Here we show a brief example of using the alpine package to model
bias parameters and then using those parameters to estimate transcript
abundance. We load a metadata table and a subset of reads from four
samples from the GEUVADIS project. For more details on these files,
see ?alpineData
in the alpineData package.
library(alpineData)
dir <- system.file("extdata",package="alpineData")
metadata <- read.csv(file.path(dir,"metadata.csv"),
stringsAsFactors=FALSE)
metadata[,c("Title","Performer","Date","Population")]

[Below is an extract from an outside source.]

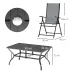 ● Patio furniture set comes with a rectangular dining table and six matching folding chairs; ● Texteline fabric panels on the chairs are comfortable and breathable; ● Φ50mm hole in the table to hold a Φ38-Φ48mm pole parasol. Allows you to be safely shaded; ● Metal tabletop is tough and easy to maintain. Excellent place to dine; ● Galvanised and powder coated steel pieces are strong, suitable for outdoors; ● Easy to assemble;

## Title Performer Date Population
## 1 ERR188297 UNIGE 111124 TSI
## 2 ERR188088 UNIGE 111124 TSI
## 3 ERR188204 CNAG_CRG 111215 TSI
## 4 ERR188317 CNAG_CRG 111215 TSI
A subset of the reads from one of the samples:
library(GenomicAlignments)
ERR188297()
## GAlignmentPairs object with 25531 pairs, strandMode=1, and 0 metadata columns:
## seqnames strand : ranges --
## <Rle> <Rle> : <IRanges> --
## [1] 1 + : [108560389, 108560463] --
## [2] 1 - : [108560454, 108560528] --
## [3] 1 + : [108560534, 108600608] --
## [4] 1 - : [108569920, 108569994] --
## [5] 1 - : [108587954, 108588028] --
## ... ... ... ... ... ...
## [25527] X + : [119790596, 119790670] --
## [25528] X + : [119790988, 119791062] --
## [25529] X + : [119791037, 119791111] --
## [25530] X + : [119791348, 119791422] --
## [25531] X + : [119791376, 119791450] --
## ranges
## <IRanges>
## [1] [108560454, 108560528]
## [2] [108560383, 108560457]
## [3] [108600626, 108606236]
## [4] [108569825, 108569899]
## [5] [108587881, 108587955]
## ... ...
## [25527] [119790717, 119790791]
## [25528] [119791086, 119791160]
## [25529] [119791142, 119791216]
## [25530] [119791475, 119791549]
## [25531] [119791481, 119791555]
## -------
## seqinfo: 194 sequences from an unspecified genome
Before we start, we need to write these paired-end reads, here stored in a R/Bioconductor data object, out to a BAM file, because the alpine software works with alignments stored as BAM files. This is not a typical step, as you would normally have BAM files already on disk. We write out four BAM files for each of the four samples contained in alpineData. So you can ignore the following code chunk if you are working with your own BAM files.
library(rtracklayer)
dir <- system.file(package="alpineData", "extdata")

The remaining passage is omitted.